WHAT TO PRODUCE
Everything from the line containing "Это моя гордость" through the last line of the listing below should be returned exactly, except for pictures.

DATASET EXCERPT
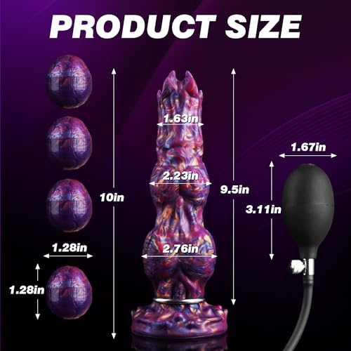 10″ Monster Dildo Huge Thick Ovipositor Dildo with 4 Eggs, Big Fantasy Anal Dildos Horse Knot Dragon Dildos with Inflatable Pump, Dog Sex Toy with Strong Suction Cup, Adult Toys for Women Men
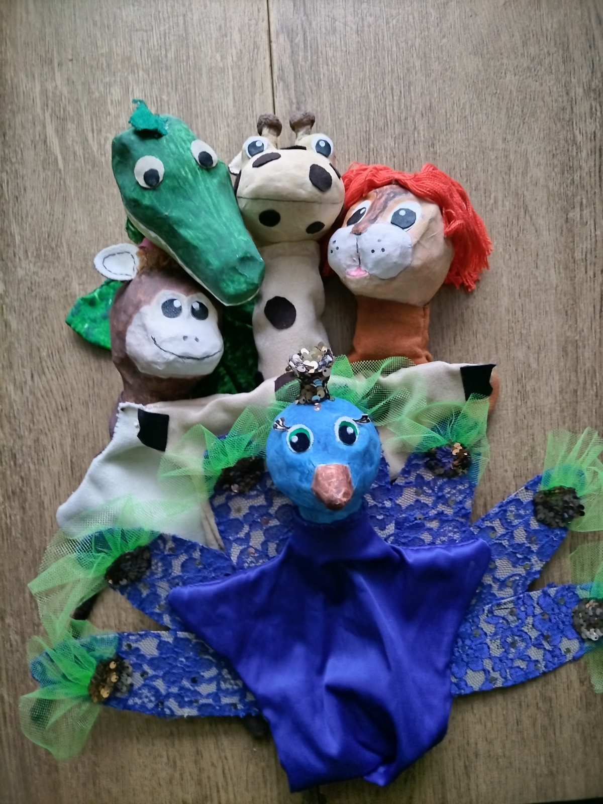 Это моя гордость — павлин, у которого с помощью спрятанной под рубашечкой верёвки, поднимается хвост. Хвост и корона украшены пайетками и сильно блестят, к сожалению фото это не передает.
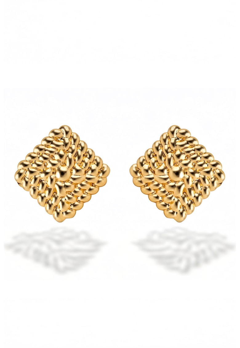 - suprafete abrazive. Sistem inchidere: tija si surub Ambalaj: produsul se livreaza in ambalaj personalizat. Compozitie Compozitie: otel inoxidabil Pietre: fara pietre Placaj: aur galben de 18k Dimensiuni Lungime: 2.7 cm Latime: 2.7 cm

TASK SOLUTION
 Это моя гордость — павлин, у которого с помощью спрятанной под рубашечкой верёвки, поднимается хвост. Хвост и корона украшены пайетками и сильно блестят, к сожалению фото это не передает.
 - suprafete abrazive. Sistem inchidere: tija si surub Ambalaj: produsul se livreaza in ambalaj personalizat. Compozitie Compozitie: otel inoxidabil Pietre: fara pietre Placaj: aur galben de 18k Dimensiuni Lungime: 2.7 cm Latime: 2.7 cm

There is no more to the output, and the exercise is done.